On pourra reprocher au scénario de « Black Swan » d'être un peu trop simpliste. Mais ce n'est qu'une apparence. Alors qu'il s'agit aux premiers abords d'une vulgaire relecture du Lac des cygnes, « Black Swan » joue entièrement sur la dichotomie cygne noir/cygne blanc, et de ce fait sur les deux personnalités de l'héroine. Mais là encore, difficile d'y voir clair. Abusant d'un ingénieux jeu de miroir, d'hallucinations terrifiantes et d'un maquillage outrancier (plusieurs clin d'oeil au cinéma de Cronenberg), Aronofski brouille habilement les pistes dès le début à propos de ce qui est réel et de ce qui ne l'est pas. Ainsi, l'histoire basique instaurée lors du spectacle de danse se mue en un de ces labyrinthes scénaristiques vertigineux à la David Lynch où aucune sortie n'est visible. Pour ceux qui ont passé des jours à se triturer les méninges pour tenter de décrypter la fin d'« Inception » (tombera, tombera pas?), les dernières minutes de « Black Swan » vous promettent de nombreuses nuits blanches supplémentaires.
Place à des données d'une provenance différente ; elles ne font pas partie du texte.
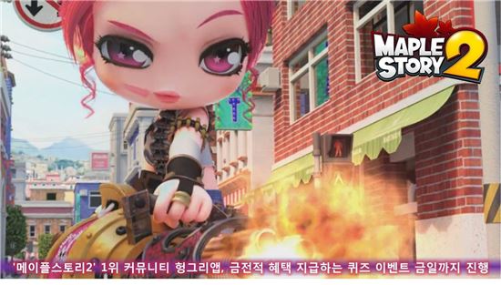 [아시아경제 온라인이슈팀] 넥슨에서 서비스하는 캐주얼 온라인 게임 ‘메이플스토리2’가 지난 2015년 12월31일 신규 대륙 ‘카르카르 아일랜드’를 추가하는 업데이트를 시행해 유저들의 이목이 집중된 가운데 유저 커뮤니티 ‘메이플스토리2 헝그리앱’에서는 유저들이 게임을 풍성하게 즐길 수 있도록 금전적 혜택을 지급하는 퀴즈 이벤트를 5일까지 진행한다.
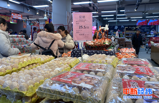 中新经纬客户端走访北京石景山区一家物美超市时发现,该超市销售的缤纷田园、水清峪、正大桃谷香、耀坤等品牌鸡蛋正在进行折价促销。

Sex, drugs et danse classique. Profondément dérangeant mais aussi terriblement excitant, « Black Swan » sonde les tréfonds de l'âme humaine dans ce qu'elle a de plus noir. Les thèmes abordés, l'univers sombre et sordide et certaines scènes à la limite de l'écœurement ne rendent définitivement pas le film abordable au tout public. D'après un des personnage du film : « le ballet n'est pas ennuyeux. C'est juste pas pour tout le monde ». On peut dire de même pour « Black Swan ». Mais passer à côté, c'est risquer de manquer l'un des meilleurs films de l'année et la performance exceptionnelle et bouleversante d'une actrice qui donne le meilleur d'elle même pour supporter un scénario d'une rare maturité.